Download or read book Symmetry Representations and Invariants written by Roe Goodman and published by Springer Science & Business Media. This book was released on 2009-07-30 with total page 731 pages. Available in PDF, EPUB and Kindle. Book excerpt: Symmetry is a key ingredient in many mathematical, physical, and biological theories. Using representation theory and invariant theory to analyze the symmetries that arise from group actions, and with strong emphasis on the geometry and basic theory of Lie groups and Lie algebras, Symmetry, Representations, and Invariants is a significant reworking of an earlier highly-acclaimed work by the authors. The result is a comprehensive introduction to Lie theory, representation theory, invariant theory, and algebraic groups, in a new presentation that is more accessible to students and includes a broader range of applications. The philosophy of the earlier book is retained, i.e., presenting the principal theorems of representation theory for the classical matrix groups as motivation for the general theory of reductive groups. The wealth of examples and discussion prepares the reader for the complete arguments now given in the general case. Key Features of Symmetry, Representations, and Invariants: (1) Early chapters suitable for honors undergraduate or beginning graduate courses, requiring only linear algebra, basic abstract algebra, and advanced calculus; (2) Applications to geometry (curvature tensors), topology (Jones polynomial via symmetry), and combinatorics (symmetric group and Young tableaux); (3) Self-contained chapters, appendices, comprehensive bibliography; (4) More than 350 exercises (most with detailed hints for solutions) further explore main concepts; (5) Serves as an excellent main text for a one-year course in Lie group theory; (6) Benefits physicists as well as mathematicians as a reference work.

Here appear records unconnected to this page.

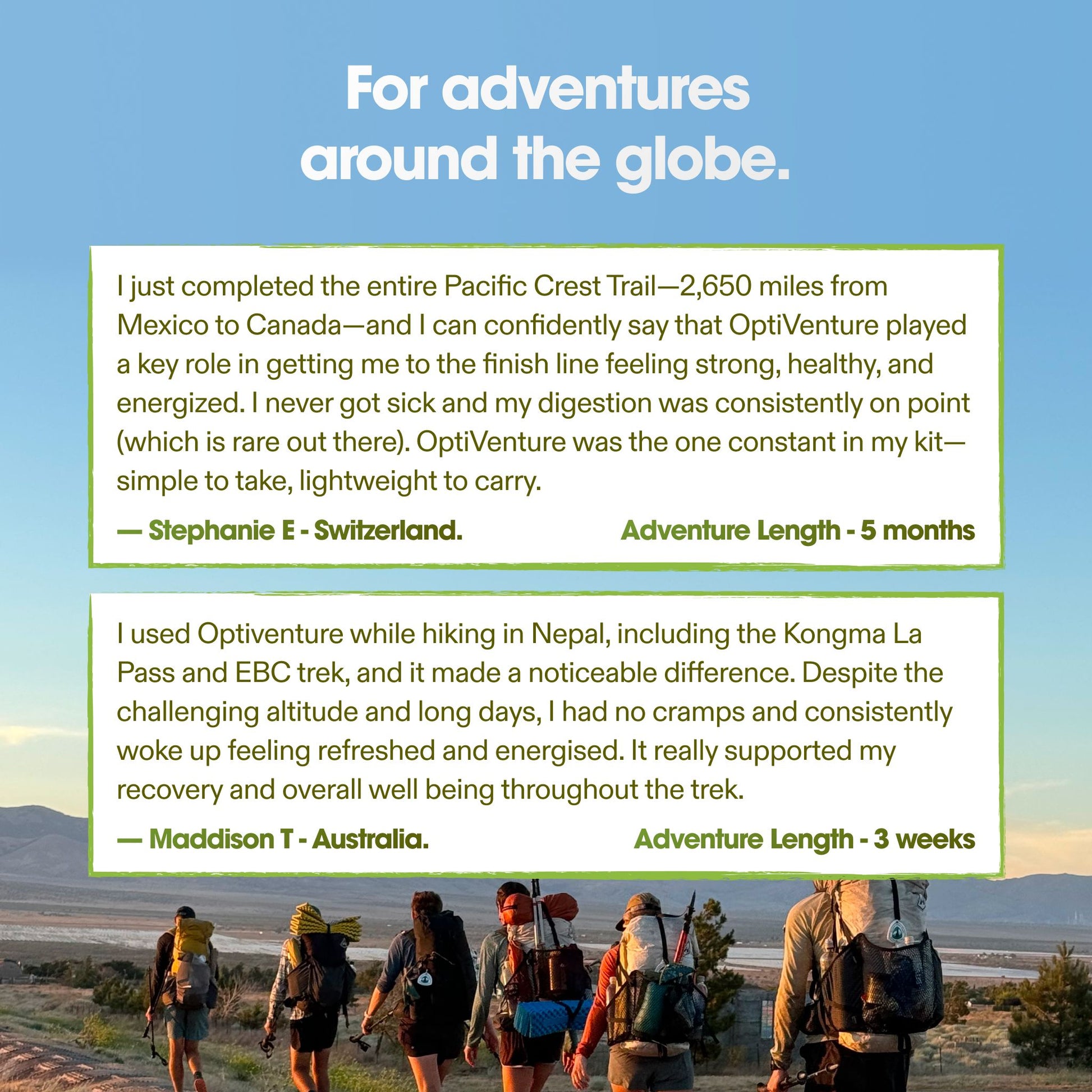 Last year, I thru hiked the PCT. I took no supplements on this thru hike. On my recent adventure hiking ~400 in South America (Patagonia & Andes Mts), I brought Optiventure along. There was a notable difference in my recovery time, consistency in energy levels, gut reactivity to new foods, and sleep quality. I finished these 6 weeks of trekking feeling strong. With the limited diversity in foods and micronutrients available on trail (unless you've taken months to dehydrate all your own food), supplementation simply feels necessary. Glad to see something like this on the market for adventurers!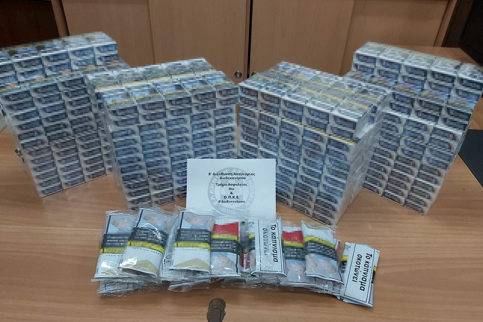 Ειδικότερα, στο πλαίσιο στοχευμένων επιχειρησιακών δράσεων της Γενικής Περιφερειακής Αστυνομικής Διεύθυνσης Νοτίου Αιγαίου για την καταπολέμηση του λαθρεμπορίου καπνικών προϊόντων, πραγματοποιήθηκε έλεγχος στον κατηγορούμενο κατά την άφιξή του στο νησί με πλοίο της γραμμής από Πειραιά κατά τον οποίο βρέθηκαν στην κατοχή του και κατασχέθηκαν: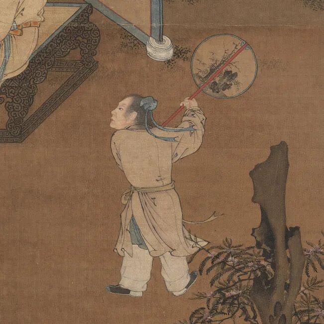 倪瓒《江渚风林图》册页头一次被用作画式是在宋代,它源自线装书籍以及发明于唐代而通用于宋代的印刷术。作于卷轴的作品,必须完全打开才能看到最后的内容,如果尺寸过长,全部展开则尤为麻烦。虽然册页也是采取了从右往左连续观看的方法,但是它的保存方法并不类似卷轴。册页中每相邻的对开都被折叠起来,以便人们在任何时候都能观看其中任意的一段。宋代之前的雕版印刷确定了标准印版的形状与尺寸,这也直接影响了册页画式的形成。以这种印版印出来的文本常被折成几段,每段均以单独的厚纸裱褙,形成双页底的册页,看上去像极了手风琴。在中国画的册页里,画家经常会在每组对开页中的一开画画,另一面用来题字,常用的装订装裱样式有一个形象的名字叫作“蝴蝶装”。每木册页的对开组数不一定相同,有八组的,有十组、十二组的,也有十六、二十或二十四组的。不同于立轴与长手卷中的那种画面延展,册页尺寸较小,画家可用其创作单一的小景作品。由于画家们的趣昧渐渐从北宋时期表现伟岸的山川,转变到南宋时盛行的描画心中富有意趣的丘壑,册页变得越来越受欢迎。扇面绘画分为两大类。团扇主要由一块圆形或卵形的绢面组成,由一圈圆形的外框固定住,另外附上一根木制或竹制的扇柄。5世纪时的扇面书法作品多书于团扇,想必正是那时候出现了画在扇面上的作品。唐代的画作中时不时会出现当时常见的掌扇,尺寸很大,并且配有很长的扇柄。自12一13世纪,也就是从北宋末年到南宋结束的这段时间,是团扇被使用得最多的时期,盛行小品团扇画。同册页一样,团扇这种画式驱使画家们竞相展现自己低调奢华的品位——要么墨色清丽,要么工整精致。另一种扇为折扇。这种扇子的扇面被装裱在多根由竹子、木头或象牙制成的扇骨上,它们以画面下方的同一扇钉为轴心,打开或叠合,因而在这些扇骨叠合时,一层层的折扇会看起来像风琴。折扇起源于日本,10世纪时由日本僧人第一次带到中国。直到15世纪,当折扇从高丽被再次传入中国时,这种画式才在中国流行起来。团扇多由绢制成,折扇却多为纸制。不论是用折扇还是团扇,我们都能看到它们常常一面配以画作,一面配以书法题词。为了更好地消暑,扇面上往往会画有泛舟与纳凉的图景。很明显,扇面绘画具有更多的装饰性,更受文人画家而非宫廷画师的青睐。![]()

Download or read book Infinite Dimensional Groups and Algebras in Quantum Physics written by Johnny T. Ottesen and published by Springer Science & Business Media. This book was released on 2008-09-11 with total page 223 pages. Available in PDF, EPUB and Kindle. Book excerpt: The idea of writing this book appeared when I was working on some problems related to representations of physically relevant infinite - mensional groups of operators on physically relevant Hilbert spaces. The considerations were local, reducing the subject to dealing with representations of infinite-dimensional Lie algebras associated with the associated groups. There is a large number of specialized articles and books on parts of this subject, but to our suprise only a few represent the point of view given in this book. Moreover, none of the written material was self-contained. At present, the subject has not reached its final form and active research is still being undertaken. I present this subject of growing importance in a unified manner and by a fairly simple approach. I present a route by which students can absorb and understand the subject, only assuming that the reader is familliar with functional analysis, especially bounded and unbounded operators on Hilbert spaces. Moreover, I assume a little basic knowledge of algebras , Lie algebras, Lie groups, and manifolds- at least the definitions. The contents are presented in detail in the introduction in Chap. The manuscript of this book has been succesfully used by some advanced graduate students at Aarhus University, Denmark, in their "A-exame'. I thank them for comments.

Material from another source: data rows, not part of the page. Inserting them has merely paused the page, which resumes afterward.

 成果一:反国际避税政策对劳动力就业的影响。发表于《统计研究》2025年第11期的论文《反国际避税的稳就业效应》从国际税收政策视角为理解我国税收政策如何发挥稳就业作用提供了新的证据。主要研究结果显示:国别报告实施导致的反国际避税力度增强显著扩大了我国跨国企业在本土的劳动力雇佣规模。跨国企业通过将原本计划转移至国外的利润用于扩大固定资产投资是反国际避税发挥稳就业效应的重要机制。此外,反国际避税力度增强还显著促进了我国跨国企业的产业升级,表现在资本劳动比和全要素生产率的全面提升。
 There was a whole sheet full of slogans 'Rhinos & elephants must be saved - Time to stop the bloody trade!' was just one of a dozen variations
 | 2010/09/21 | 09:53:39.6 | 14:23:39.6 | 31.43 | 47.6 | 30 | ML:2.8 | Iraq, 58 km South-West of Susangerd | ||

Download or read book Invariant Theory of Finite Groups written by Mara D. Neusel and published by American Mathematical Soc.. This book was released on 2010-03-08 with total page 384 pages. Available in PDF, EPUB and Kindle. Book excerpt: The questions that have been at the center of invariant theory since the 19th century have revolved around the following themes: finiteness, computation, and special classes of invariants. This book begins with a survey of many concrete examples chosen from these themes in the algebraic, homological, and combinatorial context. In further chapters, the authors pick one or the other of these questions as a departure point and present the known answers, open problems, and methods and tools needed to obtain these answers. Chapter 2 deals with algebraic finiteness. Chapter 3 deals with combinatorial finiteness. Chapter 4 presents Noetherian finiteness. Chapter 5 addresses homological finiteness. Chapter 6 presents special classes of invariants, which deal with modular invariant theory and its particular problems and features. Chapter 7 collects results for special classes of invariants and coinvariants such as (pseudo) reflection groups and representations of low degree. If the ground field is finite, additional problems appear and are compensated for in part by the emergence of new tools. One of these is the Steenrod algebra, which the authors introduce in Chapter 8 to solve the inverse invariant theory problem, around which the authors have organized the last three chapters. The book contains numerous examples to illustrate the theory, often of more than passing interest, and an appendix on commutative graded algebra, which provides some of the required basic background. There is an extensive reference list to provide the reader with orientation to the vast literature.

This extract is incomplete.